Меня обнадеживали… 7-го августа 1904 года, через два с половиною года, я наконец решился увидеть ее (раньше не пускали), чтобы хоть проститься. С холодеющим сердцем вступил я в коридор, где была ее комната, и прошел мимо открытой в эту комнату двери… Я не узнал ее. Меня остановили и вернули. В глубине комнаты поднялась мне навстречу слабенькая высохшая женщина с побелевшими волосами. Но это была она. И я зарыдал громко, без удержу; и плакал почти целый час, как бы над ее гробом. И она молча, крепко прижималась ко мне, стоя за моей спиною и закрывая мои глаза своею прелестною ручкою, чтобы я не вглядывался в ее искаженные черты… Сердце ее страшно стучало, но, задыхаясь от волнения, она не произносила ни слова. Когда же меня позвали, сказав, что свидание наше кончено, она разомкнула свои руки, отошла и вдруг начала произносить осипшим голосом, куда-то в сторону, какой-то непостижимый набор слов с выкриками ругательств…
XXIV
Маятник Вечности слышится людям только раз в столетие. В одно столетие он отбивает: «есть Бог», в другое: «нет Бога». И так, долгими веками, несчастная душа человечества все мечется то вверх, то вниз.
XXV
Для всех людей существуют три бездны, три тайны, три надежды на счастье: Бог, Любовь двух полов и Смерть. Это и есть основа жизни: три кита, на которых держится мир. Триединая (Святая) Троица. Не будь метрических книг, не было бы никакой надобности в религии, потому что мы обращаемся к духовенству только для крещения, бракосочетания и погребения.
XXVI
Я чувствовал себя гораздо лучше и был несравненно благороднее, пока не родился. Умирая, можно утешить себя автоэпитафией малороссийского философа Сковороды: «Мир меня ловил, да не поймал». Мой вариант той же эпитафии: «Я отдал людям жизнь, но душу взял с собой».
XXVII
Это было летом, когда умер присяжный поверенный Миронов. О нем, помнится, говорил Урусов: «В этом человеке трепыхается такое же доброе сердце, как у среднего русского присяжного заседателя». Я любил Миронова за простую звучную речь, за теплую душу, за его здравый ум и мягкие взгляды на людей. Он всю жизнь хлопотал, защищал по всяким делам, был популярен. Полный, почти тучный, бородатый, громогласный, Миронов казался здоровым, но в действительности всегда страдал сердцем. И умирал тяжело… В светлый летний вечер я поднялся в его квартиру на панихиду. Простоял в передней, не заглядывая в зал…
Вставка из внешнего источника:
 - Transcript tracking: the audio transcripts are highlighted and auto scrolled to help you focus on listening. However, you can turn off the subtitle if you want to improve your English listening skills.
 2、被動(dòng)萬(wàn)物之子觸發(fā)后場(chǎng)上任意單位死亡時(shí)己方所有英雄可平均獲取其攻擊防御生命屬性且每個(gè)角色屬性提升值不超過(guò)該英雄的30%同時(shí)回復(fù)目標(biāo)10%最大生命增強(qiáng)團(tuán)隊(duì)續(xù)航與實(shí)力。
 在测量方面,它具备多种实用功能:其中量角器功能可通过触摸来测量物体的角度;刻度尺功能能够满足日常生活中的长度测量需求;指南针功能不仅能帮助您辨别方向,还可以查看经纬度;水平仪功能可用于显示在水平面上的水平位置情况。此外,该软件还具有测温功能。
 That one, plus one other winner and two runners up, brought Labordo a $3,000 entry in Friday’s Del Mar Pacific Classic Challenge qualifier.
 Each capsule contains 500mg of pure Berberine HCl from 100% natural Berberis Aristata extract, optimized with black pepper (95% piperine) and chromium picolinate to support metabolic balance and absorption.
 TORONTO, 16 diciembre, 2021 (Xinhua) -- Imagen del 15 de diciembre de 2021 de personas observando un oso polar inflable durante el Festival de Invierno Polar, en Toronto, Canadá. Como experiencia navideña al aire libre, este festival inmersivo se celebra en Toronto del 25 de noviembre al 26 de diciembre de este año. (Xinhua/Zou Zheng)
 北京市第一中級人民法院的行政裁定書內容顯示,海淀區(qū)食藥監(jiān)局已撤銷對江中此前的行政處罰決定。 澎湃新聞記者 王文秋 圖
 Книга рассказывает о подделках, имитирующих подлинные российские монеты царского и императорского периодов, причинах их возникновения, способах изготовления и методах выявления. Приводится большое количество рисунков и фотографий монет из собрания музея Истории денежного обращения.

Возвратившись к себе, я прочитал в газете, что эскадра Рожественского прошла мимо Канарских островов. Где это Канарские острова? Я всегда был плох в географии. Мне почему-то вздумалось: а, пожалуй, Миронов это знал… Если бы он был жив, я бы просто спросил его об этом. Теперь спросить нельзя!.. Совсем нельзя. Ведь вот задача! Мне вдруг мучительно захотелось убедиться, знал он или не знал о Канарских островах и скоро ли бы ответил. Я готов был, кажется, растолкать, пробудить, оживить его.
Но, в сущности, стоило ли просыпаться от вечного сна для того только, чтобы пробормотать: «А?.. Что?.. Канарские острова?..» Ответить и вновь умереть.